テストチャンバー19
『お目覚めの時間ですよ〜フランカー。』
明らかに目の焦点が合っていない。このコールドスリープチャンバーの長期利用の副作用とかそういったものだろうか。まあ、5年も探し待たされたのだ少し煽ったって許されるだろう、きっと。
「……ストリンガー?」
『はい?』
「上官にはクソだろうとサー、を付けろ。新兵か。」
おお……手厳しい……やっぱり指揮官はこうで居てもらわないと困る。
「戦況は?」
『どこからどこまで話します?』
「この周辺3km以外の5年間。」
個人装備を起動しながら聞いてくる。それにしてもなぜ3km以内は聞かないのだろう?
「周辺3km以内は知ってる。嫌でもな。」
『……。』
「電撃質量兼用タレットは役に立ったか?」
『ええ。とても。』
科学者として眠っていなかったんですね。5年も。
『移動中にする話ではありませんが……。』
廊下を移動しながら説明していく。私の細かった腕は5年もの年月が過ぎ、人工筋肉、装甲の増設や交換で少し太くなってしまった。

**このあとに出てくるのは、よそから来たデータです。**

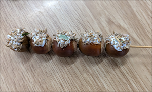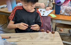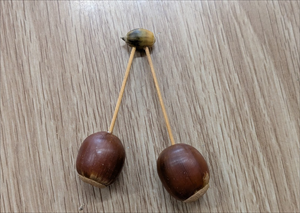 ドングリを竹ひごで縦に5つ貫いて「みたらし団子」をつくりました。おいしそう!

「つまり私達は沈みゆく方舟を修理しながら耐えているわけだ。」
『そうなります。申し訳ありません。』
「兵士が一人強くても戦況はそう大して変わらん。生き残りは?」
『指揮官の部下は全員無事です。』
「……そっか。」
口元が微かに緩んだ。バイザーで目が見えないから本当に笑っているかはわからない。でも笑っているだろう。経験上、部下の生死には厳しい人のことだし。
『汚いですがここが現在の宿舎です。』
掃除しておくよう言ったのだが……
「十分綺麗じゃないか。こんな環境で生きていくにはこれくらいの弛さが要る。」
『総員、整列!』
ドアからのそのそと入ってくる戦術人形達。一部の者は指揮官の顔を見るなりはっとした表情で足を早めている。
『傾注!指揮官からのお言葉だ。』
『ライカ指揮官、ご挨拶を。』
え?私?とでも言いたげな表情をする指揮官にマイクを押し付ける。
「えー……おはよう?」
気の抜けた第一声に緊張の表情が解れていく。
「あーー……5年間、私は眠っていたらしい。皆を驚かせてしまってすまない。私はライカ指揮官だ。まあ、指揮官になったつもりはなくて本職はそもそも研究者のつもりだったんだがな。」
気の抜けた挨拶は続き、締めの言葉で終わった。
「指揮官
指揮官に抱きつくMG42……未だに治してなかったのな……指揮官の前ではサ行が「しゃ」やら「しゅ」になる癖……。
黒髪で肌は白く、細いがしっかりと筋肉の付いた1体の戦術人形が指揮官の前で止まり、敬礼する。
「スラッガー、指揮官のもとに改めて着任する。」
「スラッガー……そうか、君がスラッガーなのか……よろしく頼む。」
『お知り合いですか?』
「私が唯一、担当したアサルトライフルだよ。まあ、すぐに開発計画が凍結されちゃってね。暫くしてまた再開されたんだけれど……」
「足りない性能は技量でカバーする。よろしく頼む。」
「近距離系のアサルトライフルだから前線に立ってもらわないとね。よろしく頼むよ。」
この出会いが一波乱起こしたことを知るのはまた後の話。
お久しぶりでございます。この章はライカ指揮官の直属の部下である「スティンガー」の視点で進みます。よろしくお願い致します。